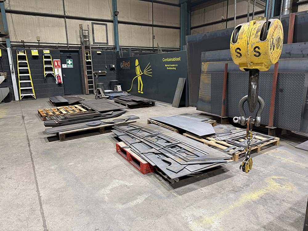 We have started work on a large automatic shot blast machine at our North Wales facility. The machine will use 8 x 11kW wheel units to process components as they pass through the cabinet. Parts will be suspended from an overhead conveyor during blasting.
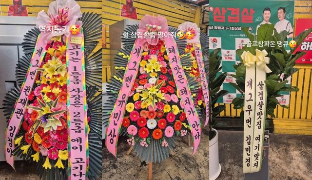 권재관-김경아 부부는 "고기는 1등급, 사장은 2등급. 에이 고기나 먹자", 임우일은 "탄 고기, 남는 고기 수거해드립니다"라고 응원을 보냈으며, "돼지 맛은 돼지가 안다"라는 유민상의 화환에 이상호는 "형 삼겹살 좀 팔아 줘"라고 부탁하기도 했다.
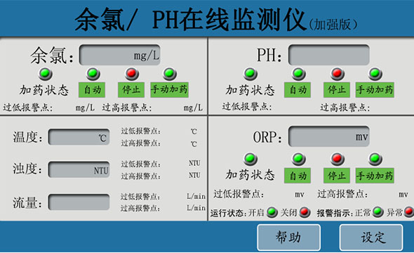 監(jiān)測(cè)儀除了以上全自動(dòng)控制方式以外,還設(shè)有手動(dòng)加藥功能,當(dāng)你需要快速提升或降低值時(shí),可以使用這個(gè)功能。當(dāng)你啟動(dòng)了手動(dòng)加藥時(shí),如果當(dāng)前池水的PH值是低于標(biāo)準(zhǔn)值的,則啟動(dòng)的是加堿的指令,控制加堿的投藥泵運(yùn)行3分鐘進(jìn)行加堿;如果當(dāng)前池水的pH值高于標(biāo)準(zhǔn)值的,則啟動(dòng)的是加酸的指令,控制加酸的投藥泵運(yùn)行3分鐘進(jìn)行加酸。3分鐘加藥時(shí)間運(yùn)行結(jié)束后,儀器將回到自動(dòng)狀態(tài)。
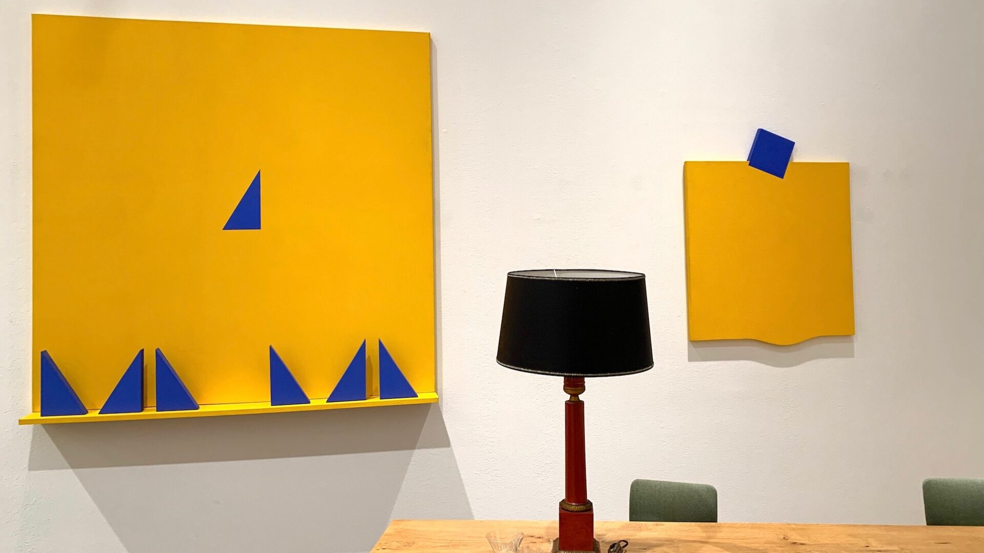 In het licht dat de gele geometrische figuren werpen – vrijgelaten om in speelsheid te dwalen – bevestigt de geometrie opnieuw haar vloeiende, bepalende kracht. Ze herkadert, of zelfs her-eigent alledaagse objecten in termen van objecten van de geometrie: lijnen, vormen en hun ritmes. En wat te denken van de functionaliteit, de instrumentele aard van meubilair?
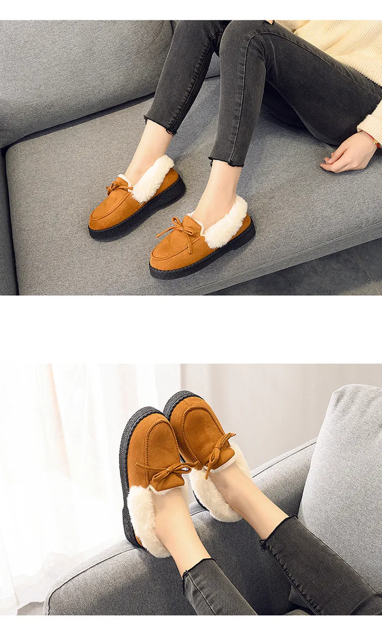 Зимняя женская обувь; Лоферы на плоской подошве; Женская повседневная обувь на меху без шнуровки; Модные женские плюшевые теплые зимние ботинки на платформе с бантом
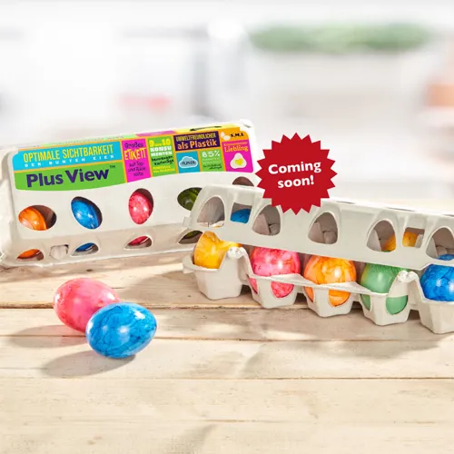 Hartmann’s Plus View™ carton lets eggs shine while cutting plastic waste.
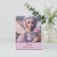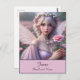 Uma bela fada rosa pálida, penteada, com asas rosa pálidas vestindo um vestido de lavanda pálido e um colar de pérolas segura uma rosa solteiro enquanto está em um campo de rosas.
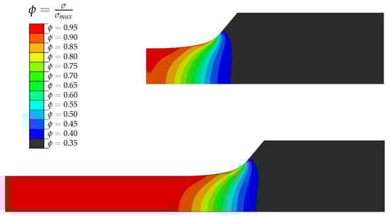 The highly-stressed volume is furthermore numerically evaluated. In line with the subsequent testing procedure, the linear-elastic finite element analysis is conducted with an unified uni-axial tension load. Hereby, the numerical model is set up invoking eight node axisymmetric CAX8R elements. In Figure 4, the results of the numerical analysis are depicted, showing the normalized maximum principle stress.
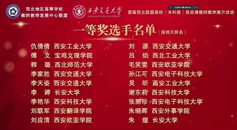 此次高校思政课教师教学展示活动由西北地区高校教师教学发展中心联盟、西安交通大学教师教学发展中心、西安交通大学永利集团304、全国高校思政课“手拉手”集体备课中心(西安交通大学)、超星集团等单位主办。来自西北五省(区)43所高校的202名教师,经过5个多月的充分准备和激烈角逐,经网络初评与决赛展示环节,共评出一等奖18项,二等奖33项。

------------------------

# [Work instructions]
Every word of the material, and none of its pictures, should be set down again.

# [Reply to the exercise]
 We have started work on a large automatic shot blast machine at our North Wales facility. The machine will use 8 x 11kW wheel units to process components as they pass through the cabinet. Parts will be suspended from an overhead conveyor during blasting.
 권재관-김경아 부부는 "고기는 1등급, 사장은 2등급. 에이 고기나 먹자", 임우일은 "탄 고기, 남는 고기 수거해드립니다"라고 응원을 보냈으며, "돼지 맛은 돼지가 안다"라는 유민상의 화환에 이상호는 "형 삼겹살 좀 팔아 줘"라고 부탁하기도 했다.
 監(jiān)測(cè)儀除了以上全自動(dòng)控制方式以外,還設(shè)有手動(dòng)加藥功能,當(dāng)你需要快速提升或降低值時(shí),可以使用這個(gè)功能。當(dāng)你啟動(dòng)了手動(dòng)加藥時(shí),如果當(dāng)前池水的PH值是低于標(biāo)準(zhǔn)值的,則啟動(dòng)的是加堿的指令,控制加堿的投藥泵運(yùn)行3分鐘進(jìn)行加堿;如果當(dāng)前池水的pH值高于標(biāo)準(zhǔn)值的,則啟動(dòng)的是加酸的指令,控制加酸的投藥泵運(yùn)行3分鐘進(jìn)行加酸。3分鐘加藥時(shí)間運(yùn)行結(jié)束后,儀器將回到自動(dòng)狀態(tài)。
 In het licht dat de gele geometrische figuren werpen – vrijgelaten om in speelsheid te dwalen – bevestigt de geometrie opnieuw haar vloeiende, bepalende kracht. Ze herkadert, of zelfs her-eigent alledaagse objecten in termen van objecten van de geometrie: lijnen, vormen en hun ritmes. En wat te denken van de functionaliteit, de instrumentele aard van meubilair?
 Зимняя женская обувь; Лоферы на плоской подошве; Женская повседневная обувь на меху без шнуровки; Модные женские плюшевые теплые зимние ботинки на платформе с бантом
 Hartmann’s Plus View™ carton lets eggs shine while cutting plastic waste.
 Uma bela fada rosa pálida, penteada, com asas rosa pálidas vestindo um vestido de lavanda pálido e um colar de pérolas segura uma rosa solteiro enquanto está em um campo de rosas.
 The highly-stressed volume is furthermore numerically evaluated. In line with the subsequent testing procedure, the linear-elastic finite element analysis is conducted with an unified uni-axial tension load. Hereby, the numerical model is set up invoking eight node axisymmetric CAX8R elements. In Figure 4, the results of the numerical analysis are depicted, showing the normalized maximum principle stress.
 此次高校思政课教师教学展示活动由西北地区高校教师教学发展中心联盟、西安交通大学教师教学发展中心、西安交通大学永利集团304、全国高校思政课“手拉手”集体备课中心(西安交通大学)、超星集团等单位主办。来自西北五省(区)43所高校的202名教师,经过5个多月的充分准备和激烈角逐,经网络初评与决赛展示环节,共评出一等奖18项,二等奖33项。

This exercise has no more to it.